Assigned task: Go through the data and copy each line that holds "yellow".

Supplied data:
----

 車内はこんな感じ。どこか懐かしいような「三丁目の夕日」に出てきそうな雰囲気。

----

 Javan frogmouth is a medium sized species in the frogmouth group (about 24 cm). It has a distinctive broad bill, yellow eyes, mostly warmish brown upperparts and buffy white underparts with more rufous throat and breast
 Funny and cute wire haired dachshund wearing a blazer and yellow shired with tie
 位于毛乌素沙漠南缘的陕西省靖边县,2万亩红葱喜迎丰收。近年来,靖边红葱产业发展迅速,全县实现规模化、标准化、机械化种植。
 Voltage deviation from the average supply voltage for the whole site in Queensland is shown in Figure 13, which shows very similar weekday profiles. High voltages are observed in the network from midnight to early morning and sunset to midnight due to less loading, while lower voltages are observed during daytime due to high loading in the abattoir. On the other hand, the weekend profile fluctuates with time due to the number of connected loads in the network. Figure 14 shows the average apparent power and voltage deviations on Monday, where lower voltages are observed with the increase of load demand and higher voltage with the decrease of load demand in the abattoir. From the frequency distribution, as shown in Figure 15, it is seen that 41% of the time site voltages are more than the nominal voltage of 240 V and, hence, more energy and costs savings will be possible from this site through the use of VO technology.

----

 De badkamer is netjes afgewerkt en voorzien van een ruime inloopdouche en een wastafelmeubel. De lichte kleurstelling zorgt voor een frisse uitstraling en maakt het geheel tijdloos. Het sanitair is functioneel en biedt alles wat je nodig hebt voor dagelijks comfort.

----

Solution:
 Javan frogmouth is a medium sized species in the frogmouth group (about 24 cm). It has a distinctive broad bill, yellow eyes, mostly warmish brown upperparts and buffy white underparts with more rufous throat and breast
 Funny and cute wire haired dachshund wearing a blazer and yellow shired with tie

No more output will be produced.